Entitlement
By Rumaan Alam
Riverhead, 288 pages, $30

Brooke Orr, the protagonist of Rumaan Alam’s captivating recent novel, Entitlement, lands what she thinks is a great new job as a program officer at a big New York philanthropic foundation. The book is about money and morality in general—but also about power and how people perceive or misperceive it, purposefully or not. While the foundation in Alam’s plot, the Asher and Carol Jaffee Foundation, is gauzily liberal, he doesn’t really “impose” any ideological template on Entitlement. Instead, the author offers insights into the effects of money and power on the professionals who work in establishment philanthropy, which is almost monoculturally progressive. 

As those of us in this world know all too well, the baleful effects are difficult to overcome by even well-intentioned individuals; often, they end up only perpetuating the corruption and monoculture.

Judging by my experience on the program staff of Milwaukee’s conservative Lynde and Harry Bradley Foundation, its observations about how program officers are perceived could easily apply just as much to conservative philanthropy. Indeed, Alam’s details evince an in-the-know familiarity with the “trade”: the hurriedly developed staff “expertise” in a subject newly determined to be part of the foundation’s mission; the just-below-the-surface chafing at the power differential at play in discussions between staff and grant applicants; the grant-amount expectations raised and dashed.

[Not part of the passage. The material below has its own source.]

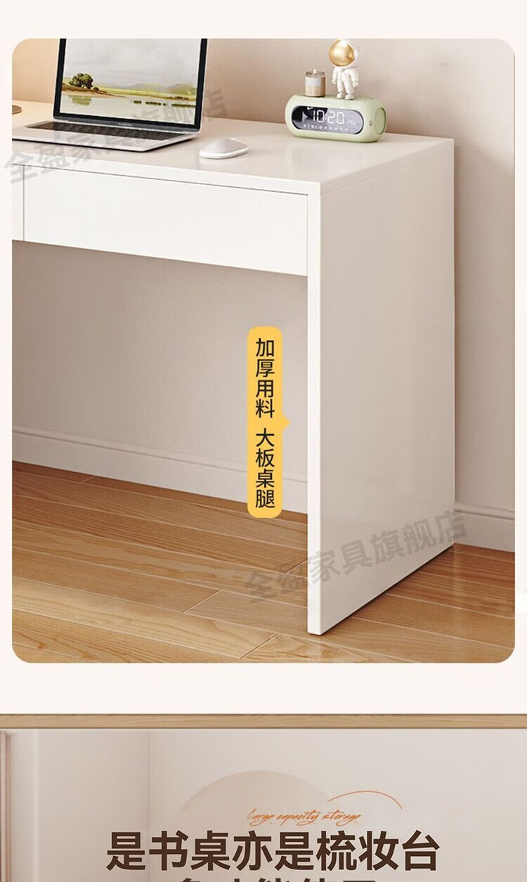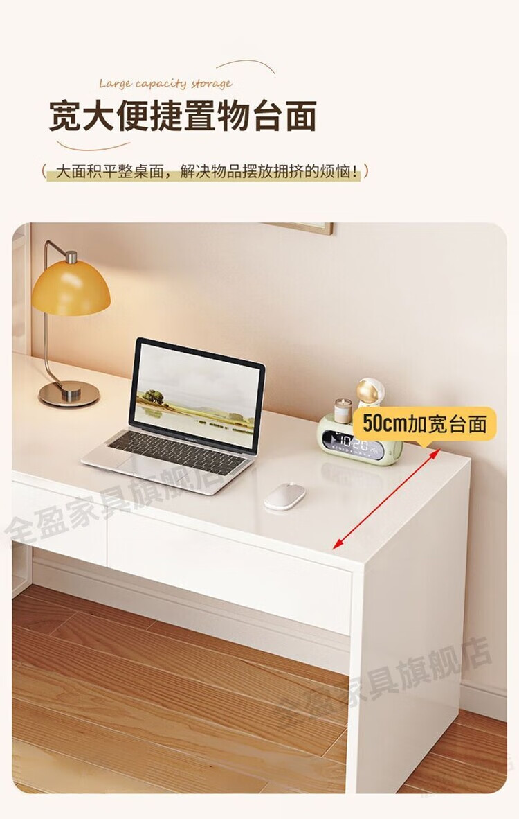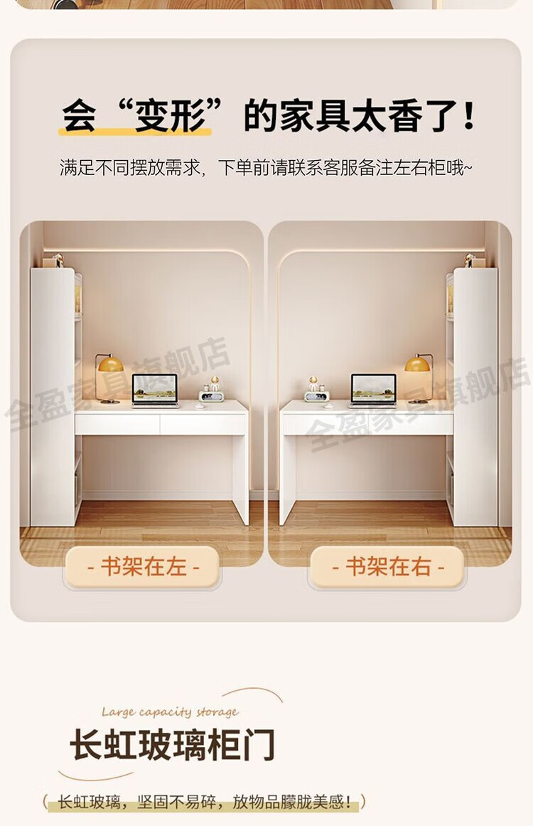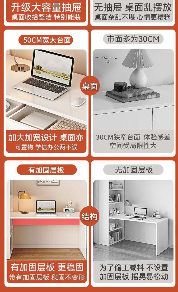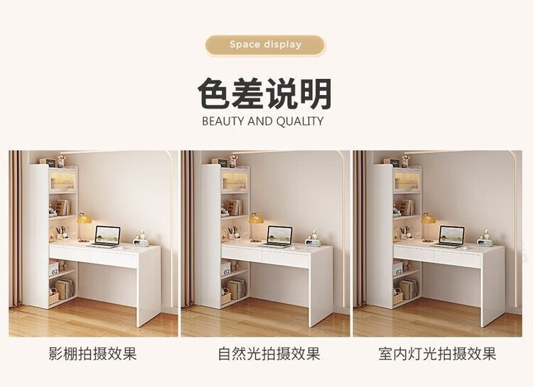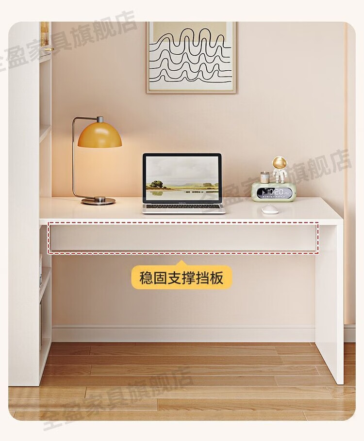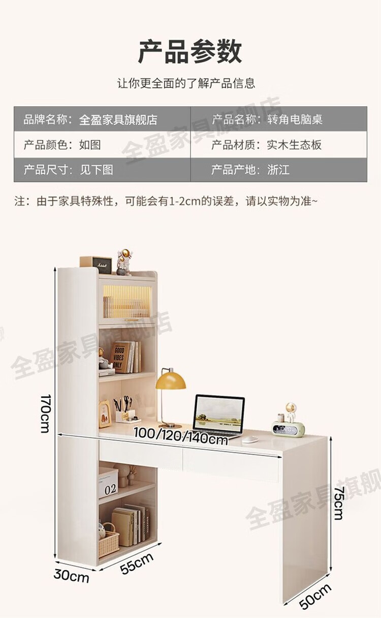 倘然之家实木书架书柜落地靠墙一体学习桌转角书桌家用奶油风小户型写字桌 实木生态板【自行安装】转角书桌 100cm暖白色【单抽书桌+书柜】

Entitlement can improve our understanding of how what conservatives used to call the New Class, now called the “managerial elite” or something similar, became and remains the way it is. Alam’s novel has empathy for members of this class, as represented by Brooke Orr, even as it is also sharply critical of them. Brooke is a 33-year-old black woman who was adopted and raised by a single white mother, a lawyer who runs an organization dedicated to abortion rights. After graduating from Vassar, Brooke became a teacher but fared poorly and was soon dismissed. In Big Philanthropy’s unique labor market, she secured a position on the program staff of the Jaffee Foundation.